⟨
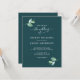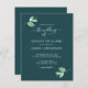 Elegante, moderna y sencilla invitación a la boda con moda de color negro, caligrafía manuscrita y un elegante toque de follaje de eucalipto verde sobre un fondo verde azulado profundo. Simplemente agregue los detalles de su boda. Diseñado exclusivamente para usted por Happy Dolphin Studio. Si tiene alguna pregunta, póngase en contacto con nosotros en happydolphinstudio@outlook.com. ¡Estamos encantados de ayudarle a hacer de su boda el día más hermoso!
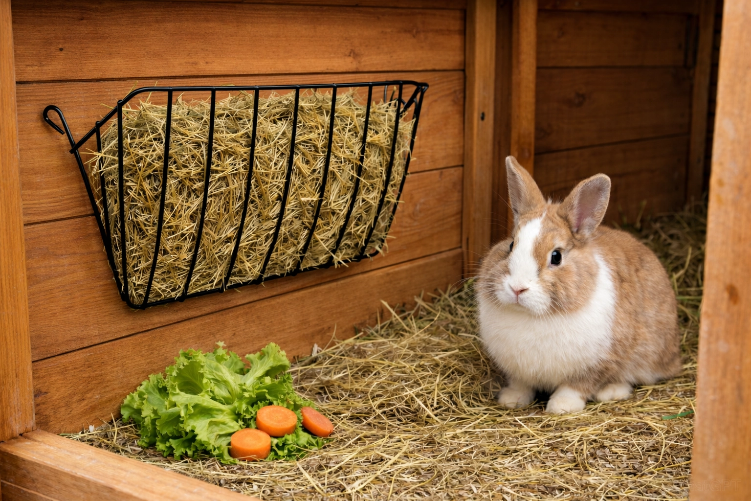 Umpleți ieslea de sus și păstrați fânul deasupra așternutului – mai puține pierderi, mai multă curățenie și o igienă mai bună în cotețul pentru iepuri.
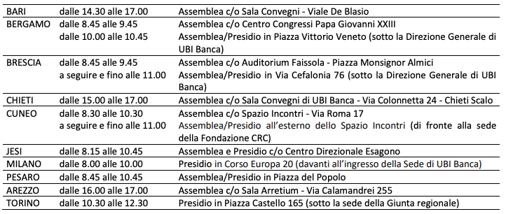 Nelle 8 piazze in cui hanno sede gli uffici oggetto di cessione (Bari, Bergamo, Brescia, Chieti, Cuneo, Jesi, Milano e Pesaro) le organizzazioni sindacali hanno organizzato assemblee e presidi che hanno anche l’obiettivo di accendere i riflettori sul rischio che a questa operazione ne possano seguire altre.
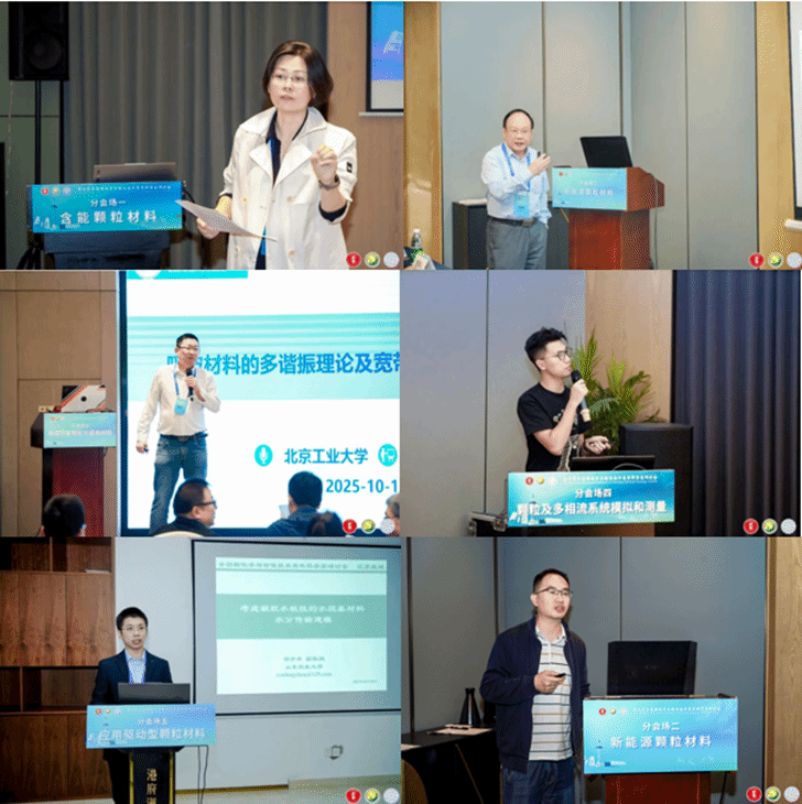 会上,李宗津、吕绪良、董晓臣、黄毅、钱觉时分别作了题为“基于硅相颗粒的负碳混凝土的开发途径”、“高可见光透明红外/紫外完全隔绝的材料研究”、“光敏剂结构调控及肿瘤多模态光治疗”、“新型电磁功能材料合成及应用”和“硫硅酸盐水泥的固废利用与粉体工程”的大会主题报告,分会围绕“含能颗粒材料”、“新能源颗粒材料”、“电磁功能颗粒与超构材料”、“颗粒及多相流系统模拟和测量”、“应用驱动型颗粒材料”五大前沿学术专题展开深度交流。报告内容横跨材料、化工、能源、环境、制造等多学科领域,议题覆盖面广、学术纵深强。与会专家通过一系列高水平学术报告,以生动详实的案例分享和前瞻性研究视角,引发了热烈的学术思辨,参会代表积极参与讨论,各抒己见,会场内学术氛围浓厚。
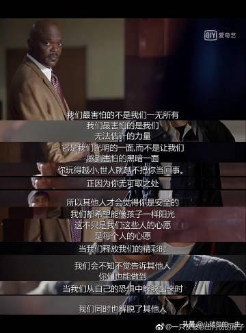 影片末尾有一句话,让我感受颇深:“Our deepest fear is not that we are inadequate. Our deepest fear is that we are powerful beyond measure. It is our light, not our darkness that most frightens us.”
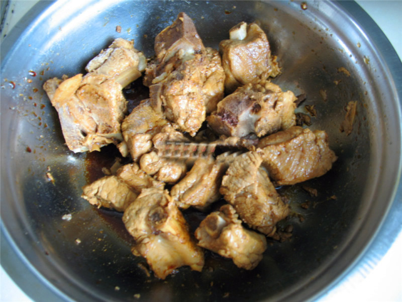 6将多余油倒出,锅内留少许油,加入3汤匙白糖、少量肉汤,一点点盐(腌制时候已经加了盐,不要加多)加入排骨中小火煮5分钟。
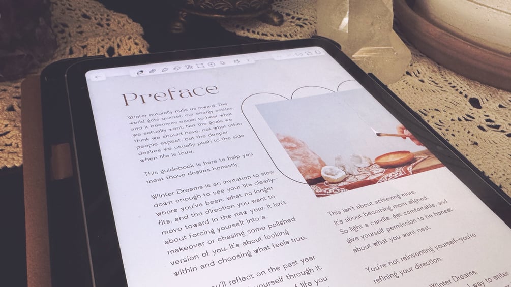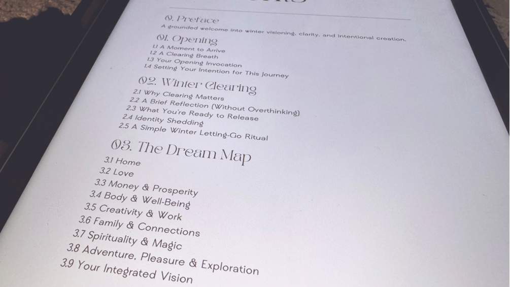 Winter Dreams is a 60+ page guided workbook that helps you move through December and January with intention, clarity, and inner alignment — without pressure, forced positivity, or “new year, new you” energy.
⟩
= What the task requires =
The required output is every line from the beginning of the material above through the line with "6将多余油倒出,锅内留少许油", exact and without pictures.

= Answer to the problem =
 Elegante, moderna y sencilla invitación a la boda con moda de color negro, caligrafía manuscrita y un elegante toque de follaje de eucalipto verde sobre un fondo verde azulado profundo. Simplemente agregue los detalles de su boda. Diseñado exclusivamente para usted por Happy Dolphin Studio. Si tiene alguna pregunta, póngase en contacto con nosotros en happydolphinstudio@outlook.com. ¡Estamos encantados de ayudarle a hacer de su boda el día más hermoso!
 Umpleți ieslea de sus și păstrați fânul deasupra așternutului – mai puține pierderi, mai multă curățenie și o igienă mai bună în cotețul pentru iepuri.
 Nelle 8 piazze in cui hanno sede gli uffici oggetto di cessione (Bari, Bergamo, Brescia, Chieti, Cuneo, Jesi, Milano e Pesaro) le organizzazioni sindacali hanno organizzato assemblee e presidi che hanno anche l’obiettivo di accendere i riflettori sul rischio che a questa operazione ne possano seguire altre.
 会上,李宗津、吕绪良、董晓臣、黄毅、钱觉时分别作了题为“基于硅相颗粒的负碳混凝土的开发途径”、“高可见光透明红外/紫外完全隔绝的材料研究”、“光敏剂结构调控及肿瘤多模态光治疗”、“新型电磁功能材料合成及应用”和“硫硅酸盐水泥的固废利用与粉体工程”的大会主题报告,分会围绕“含能颗粒材料”、“新能源颗粒材料”、“电磁功能颗粒与超构材料”、“颗粒及多相流系统模拟和测量”、“应用驱动型颗粒材料”五大前沿学术专题展开深度交流。报告内容横跨材料、化工、能源、环境、制造等多学科领域,议题覆盖面广、学术纵深强。与会专家通过一系列高水平学术报告,以生动详实的案例分享和前瞻性研究视角,引发了热烈的学术思辨,参会代表积极参与讨论,各抒己见,会场内学术氛围浓厚。
 影片末尾有一句话,让我感受颇深:“Our deepest fear is not that we are inadequate. Our deepest fear is that we are powerful beyond measure. It is our light, not our darkness that most frightens us.”
 6将多余油倒出,锅内留少许油,加入3汤匙白糖、少量肉汤,一点点盐(腌制时候已经加了盐,不要加多)加入排骨中小火煮5分钟。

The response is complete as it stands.